In the urgent search for solutions to global warming, the concept of additionality is emerging as an innovative tool for assessing the real impact of environmental projects. But what exactly is additionality? This complex concept is often shrouded in various interpretations and definitions. This article takes an in-depth look at the concept of additionality, focusing in particular on its application to carbon credits.

Understanding additionality: introduction and definitions

What is additionality?

It’s important to point out that there is not one, but several definitions of additionality.

In its common meaning, the French Language dictionary defines additionality as a “net positive consequence of an intervention; influence of an intervention on the course of a process.”

In an impact financing context, additionality refers to “a positive impact or outcome that would not have occurred without additional resources or investment”, according to the AllNews media.

In other words, it establishes a causal link between two variables, with positive impact.

Additionality in the world of carbon credits

In voluntary carbon markets, there are various definitions of additionality. One of the most commonly cited is the definition of the ICVCM (the Integrity Council for the Voluntary Carbon Market) and its ‘Core Carbon Principles‘: “Greenhouse gas (GHG) emission reductions or removals resulting from mitigation activity must be additional, i.e. they would not have occurred in the absence of the incentive created by carbon credit revenues.”

In the world of carbon credits, the additionality test is important, as it provides a concept for establishing causality between revenues from the sale of carbon credits and the project that generates them.

What's the point of carbon additionality?

The aim is to demonstrate that the purchase of carbon credits from a carbon project actually creates positive impacts for the project and the project developer, notably by contributing financially to the reduction or sequestration of tonnes of GHGs.  

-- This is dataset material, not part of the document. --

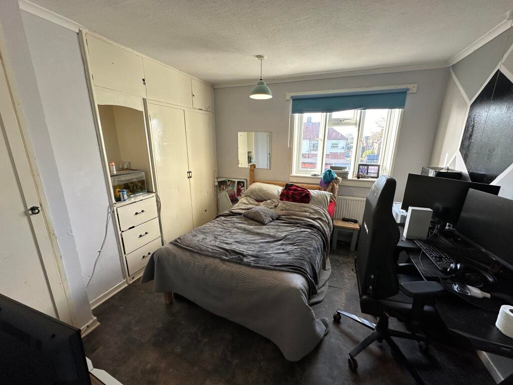 Bedroom Two (double)Carpeted flooring, window to rear aspect, cupboard.

How do you measure the additionality of a carbon project?

The ways of demonstrating additionality are numerous and vary according to GHG programs and projects. There are several reasons for this: programs may or may not develop their own standardized method, different project types and the applicability of criteria, geographical territories and their regulatory and local specificities.

Some programs, such as Verra’s Verified Carbon Standard (VCS), have developed standardized methods, but these do not apply to all project types. Consequently, the alternative of determining additionality on a project-by-project basis remains open, which explains the diversity of approaches.

Will Solutions Sustainable Communities (WILL) are projects registered with the VCS program. This program provides for three methods of demonstrating additionality: an “activity” method, a “performance” method and a “project” method.

In our new amended Sustainable Communities methodology, we use both the activity method and the project method to measure project additionality. We have also chosen to demonstrate that the Sustainable Community is a first in its territory (additionality of the grouped project, which is an innovation in itself) and to use a specific approach for the additionality of the micro-projects that develop within it. We can conclude that we need to aim for additionality rather than ticking boxes on an evaluation grid that is fixed in time and space.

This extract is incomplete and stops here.